If you need floating point one possibility is to use a processor soft core with a floating point unit implemented in FPGA fabric, and run software on that core. The core interface to the rest of the FPGA fabric over a physical bus such as axi4 steaming. See:
https://www.xilinx.com/products/design-tools/microblaze.html to get started.
It is a very different workflow than ordinary FPGA design and uses different tools. C or C++ compiler with math libraries (tan, exp, div, etc) would be used along with the processor core.

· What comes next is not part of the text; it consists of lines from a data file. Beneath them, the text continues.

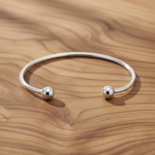 Sterling Silver Men's Cuff Bracelet, 2mm Wide with 8.5mm Ball Ends, .925 Silver
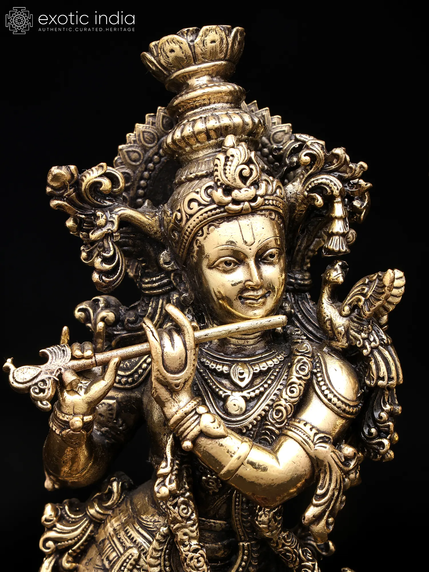 11" Superfine Standing Radha Krishna Pair | Brass Statues with Inlay Work
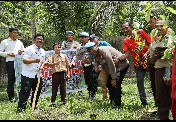 Dalam rangka mendukung program Green Policing yang dicanangkan Kapolda Riau, Seksi Profesi dan Pengamanan (Sipropam) Polres Kuantan Singingi menggelar kegiatan penanaman bibit pohon di halaman SD Negeri 023 Kebun Nenas, Rabu (1/10/2025) pagi.
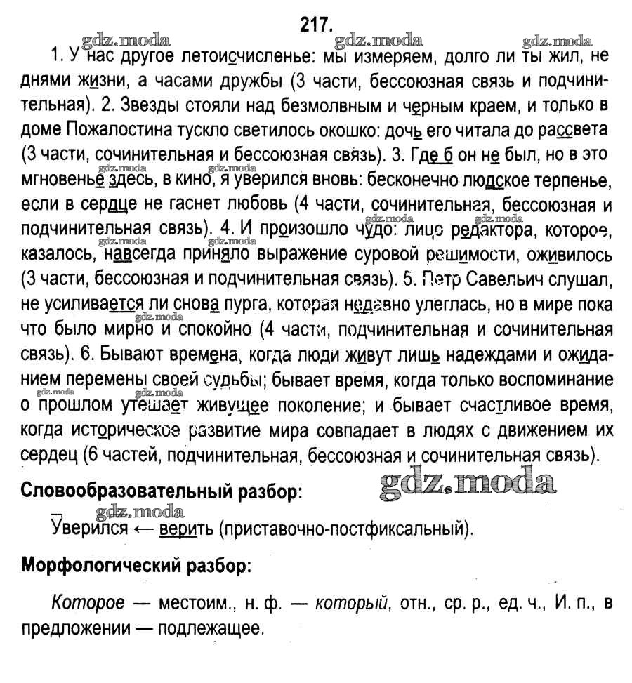 ОТВЕТ на задание № 217 Учебник по Русскому языку 11 класс Мурина
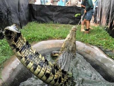 鳄鱼摆动身体,不愿迁往新的居所。 工作人员经过多番激战,最终把鳄鱼“驯服”...

Another possibility for fixed point is an FPGA with a hard core processor. Xilinx Zynq is one of them. This is a complex and powerful approach. A free free book provides knowledge on how to use Zynq
http://www.zynqbook.com/.
This workflow is even more complex that soft core approach because the Zynq is a more complex platform (hard processor & FPGA integrated on one chip).

Mikef
  • 1,572
  • 2
  • 10
  • 21
0

Its pretty hard to implement non-linear functions like that in hardware, and on top of that floating point arithmetic is even more costly. Its definitely better(and recommended) to work with fixed point arithmetic as mentioned in answers before. The number of precision bits in fixed point arithmetic will depend on your result accuracy and the error tolerance.

For hardware implementations, any kind of non-linear function can be approximated as piecewise linear function, and use a ROM based implementation approach as described in previous answers. The number of sample points that you take from the non-linear function determines your accuracy. The more samples you store the better approximation of the function you get. Often in hardware , number of samples you can store can become restricted by the amount of fast/local memory available to you. In this case to optimize the memory resources, you can add a little extra compute resources and perform linear interpolation to calculate the needed values.